TA: The main problem was at waterfalls. The water would fall on to the river below, and just start clumping, forming a pyramid. This is because of the local behavior. It can't go down, so it goes over.

Ah, I see. So the water is flowing out, but too slowly.

TA: You get a slope that naturally forms. And the hard part is that you really can't have any artifacts at all, it really has to just look like a river. Anything unusual is bad, it can't do any pre-calcs based on the map, because the fluid system has to work with water the player throws at it.

The water in the falling sand games I've played with does something similar when a great amount of water lands in an area, it tends to sort of pile up and takes quite a while to settle down to an even level.

TA: This example was in a canyon or a cave river. If you are out in the open, it'll overflow the banks, which is also terrible.
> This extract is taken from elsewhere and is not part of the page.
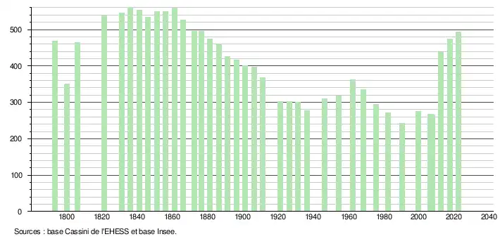 L'évolution du nombre d'habitants est connue à travers les recensements de la population effectués dans la commune depuis 1793. Pour les communes de moins de 10 000 habitants, une enquête de recensement portant sur toute la population est réalisée tous les cinq ans, les populations de référence des années intermédiaires étant quant à elles estimées par interpolation ou extrapolation[20]. Pour la commune, le premier recensement exhaustif entrant dans le cadre du nouveau dispositif a été réalisé en 2007[21].

The cave river is the case where I started, the water is completely contained, but it still has to look normal. I did solve the problem, it doesn't do this anymore, but there are probably a ton of solutions. The way I did it, I can also model pressure, but it's a bit expensive.

What'd you end up doing?

TA: Let's say you have a U shaped tube, and the left half and bottom are full. This should not be a static situation.

Yes, in the falling sand model, water won't rise up the right-hand side.

TA: The nice thing about this is that I'm not dealing with a ton of small particles, but large tiles, so I can afford some pretty cludgy operations. From the local perspective, let's say it is the turn of the water at the top left to move. It can't flow anywhere, and it can't flow down, so it checks the square below. If it is marked "static," it stops. If it isn't marked "static", it'll start doing a flood-fill check downward, through full water spaces, never rising higher than its own level until it finds an open slot.

If it finds one, it teleports there. Otherwise it marks the square below as "static" to avoid a recalc. If the situation ever changes (like water is removed) it can just remove the static flags. It seems like it would be pricey but it's really pretty fast, and doesn't account for very much of the lag on computers having problems. This also happens at waterfalls.

The recalc elimination aspect helps keep it fast.

TA: Yeah, without the recalc elimination it would be impossible at the waterfall. Incidentally, I turned this off for magma on purpose, so it's all clumpy.